Retail selling tips

Set your expectations. Stop yourself and check your expectations before you clock in or even walk in the door. What's your focus on? Will customers be hostile, mean, penny-pinching or is it going to be a fun day to help you help people? One of the old sales pros used to say, "Garbage in, garbage out"so watch what you're listening to or watching before you get to work as it could trap you into a negative view of the world.

Look at what you're saying. It's a fact that we love talking about people. Gossip is more popular than ever, ranging from the craziest Internet stories to celebrities falling from grace. The danger is that it comes from a place where at the expense of someone else we feel better about ourselves. That's selling the opposite. As a result of coming into your shop, you should feel better about someone.

Don't make a judgment. I know, it's hard, but you can't judge a book by its cover or your customer's clothes. When we do that to try to decide who is worth our efforts when we can have the entire banquet, we are often wrong and settle for crumbs.

You hate to sell something. Find the ugliest thing you can find in your store. Determine to find five things you love about it using the "it has" feature to link to the customer benefit "so you." What you'll find is that once you give up your assumptions and personal bias, you can find several things to make a compelling case of why a customer should purchase an item.

Stop selling the easy thing. Sure, it's 30% off and has twenty years of free funding. But something like that is going to sell itself - you don't stretch yourself.
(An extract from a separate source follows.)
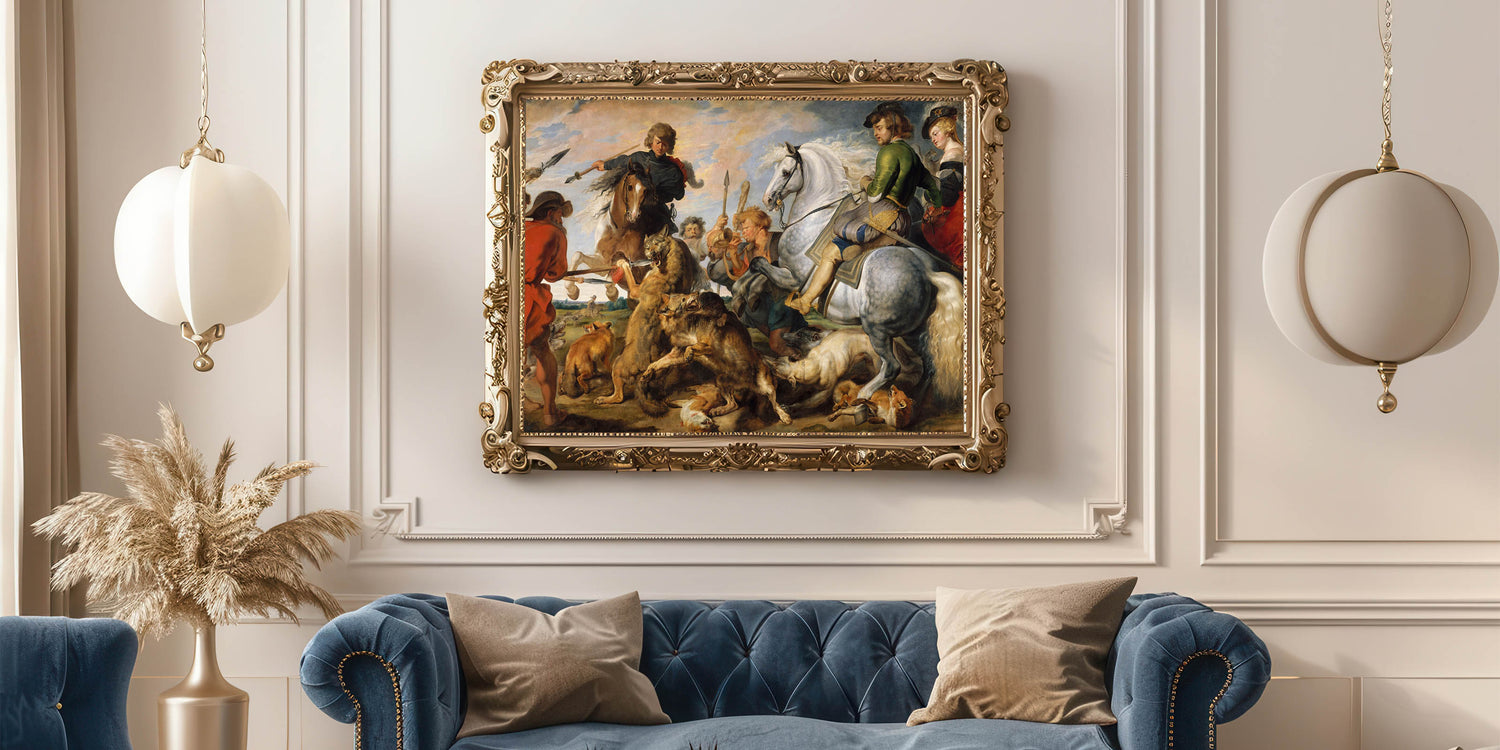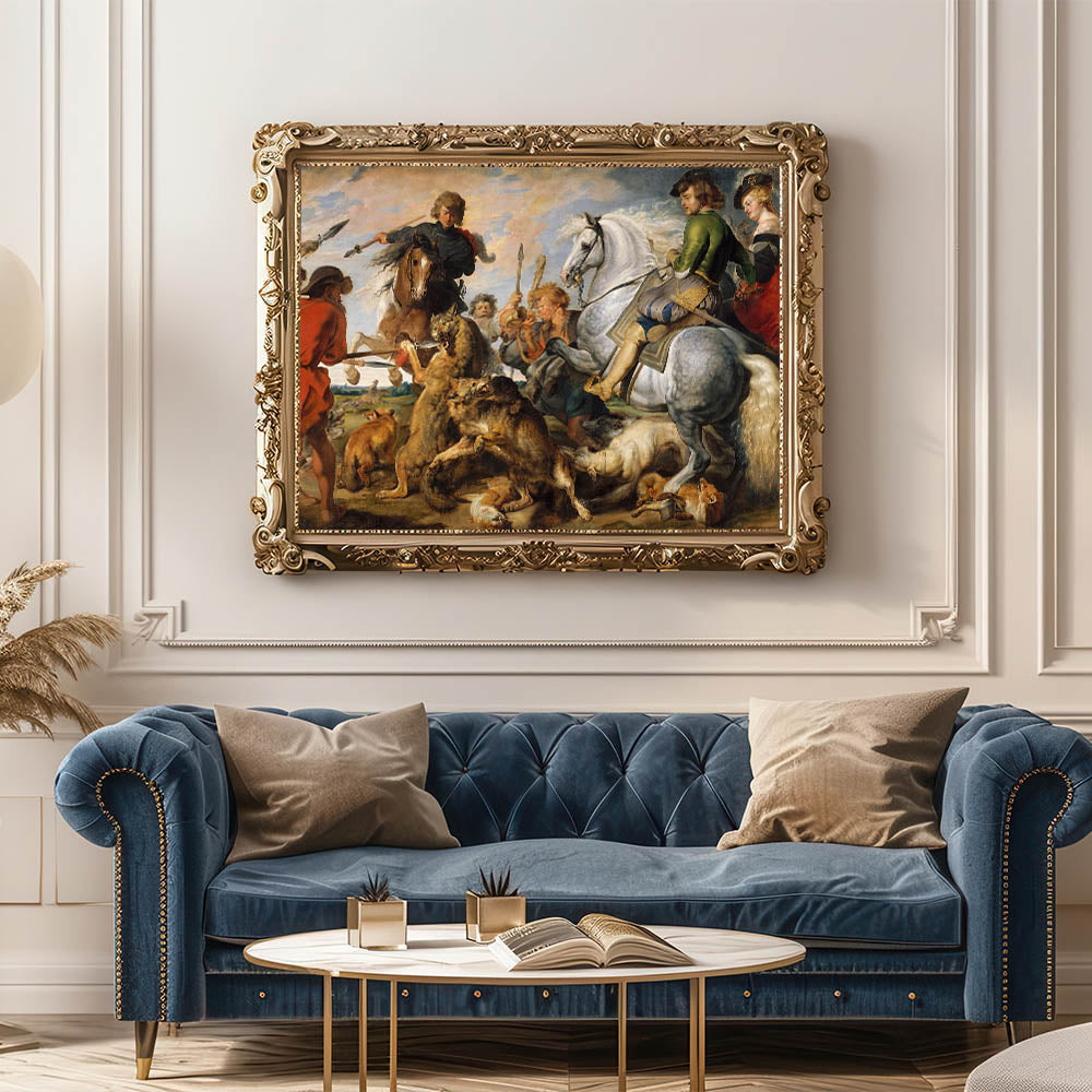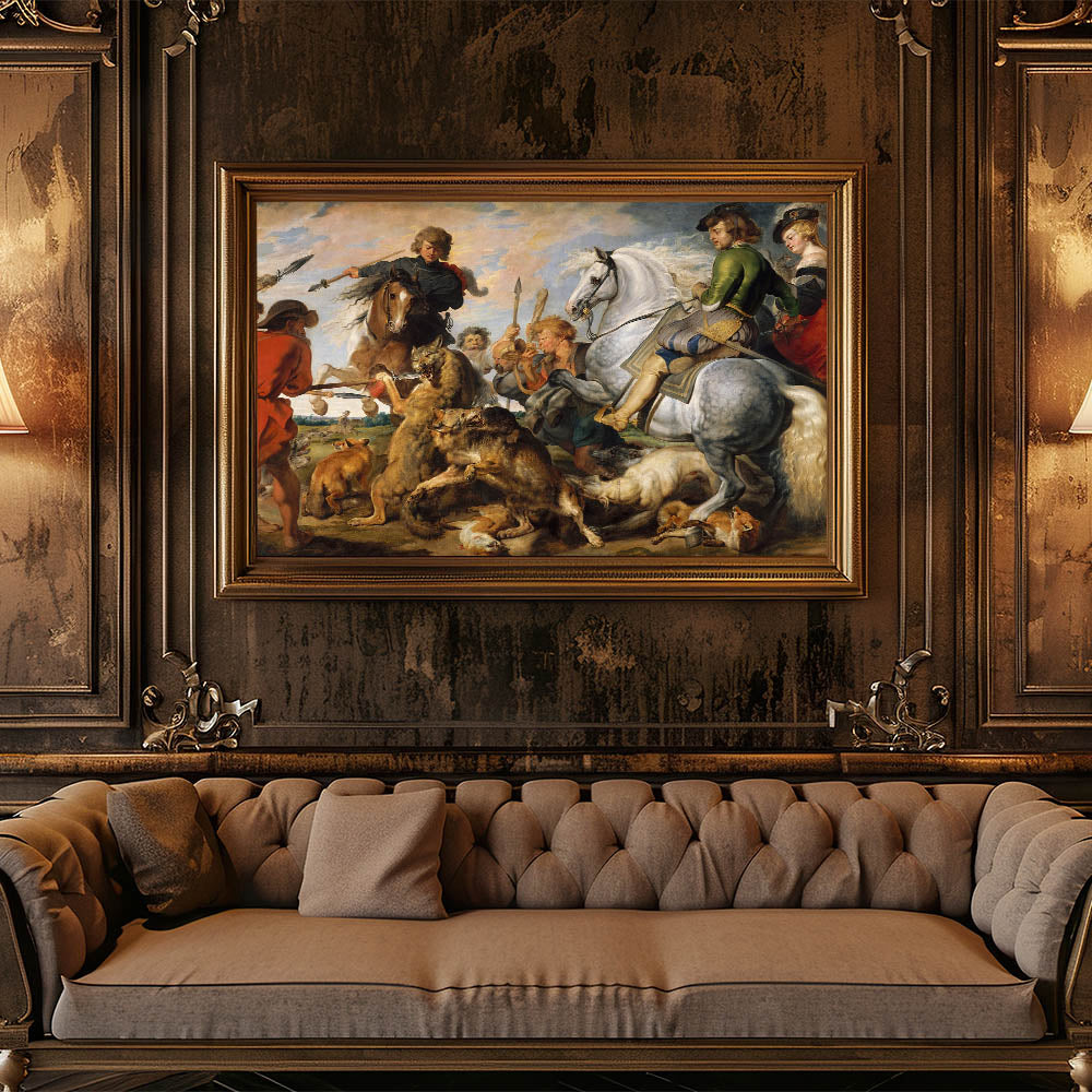 Immerse yourself in the drama and dynamism of Baroque Art with this vivid hunting scene. Depicting a fierce battle between man, horse, and wild animals, this masterpiece showcases detailed Baroque designs with expressive figures, intricate textures, and a breathtaking use of color and motion. Perfect for lovers of historical art, this artwork brings the intensity and grandeur of the hunt to life.

Be prepared to risk the sale. Things just don't go well sometimes. You are at odds with the customer and it just feels like you're not on the same page. Ask, "Excuse me, but have I done anything to offend you?" If you say it without sarcasm or malice, most will apologise and give you a reason that has nothing to do with you. But you're just frustrating yourself and the customer without getting that out of the way. You often make the bigger sale by addressing it head-on.
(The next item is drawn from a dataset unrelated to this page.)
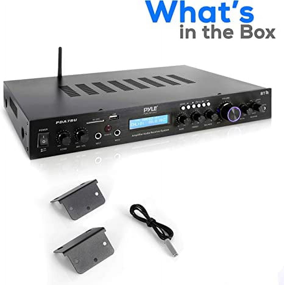 WIRELESS STREAMING: The receiver rack mount features a premium built-in Bluetooth 2.1 wireless streaming receiver. Making the receiver compatible with all your favorite devices, like iPhone, Androids, tablets, etc. It has a wireless range of 30’ plus. CONNECT TO EXTERNAL DEVICES: The rack mount home theater amp features USB flash and SD memory card readers, as well as a 3.5mm aux input jack and multi-source RCA audio input connectors. HOME STEREO AMP: The rack mount home theater amp is a complete sound system. It acts like an FM radio with a digital LCD display with ID3 tag readout displaying each song title. Also features a 2.1 channel audio amp design. RELIABLE & DURABLE: The home theater receiver is made of heavy-duty metal and aluminum alloy panel to protect your gear for years to come. The package includes sturdy removable rack mount brackets for trustworthy and easy installation. WHAT’S IN THE BOX: The audio receiver rack mount comes with everything you need to get started. This exclusive bundle from Pyle features our top-of-the-line amplifier receiver, wireless remote control, detachable hardware rack mounts and FM antenna.

Make a friend, building relationships sounds so technical and de-personal and yet it's the heart of making a success of any human interaction. Finding something in common begins to build relationships with something not related to the merchandise before the customer. I call it opening a Contact Window that requires a salesperson to notice something physical like jewellery, clothing, and even the type of smartphone that a person has before them. The salesperson then comments with a question on that item and shares something related to itself based on what that customer responded to.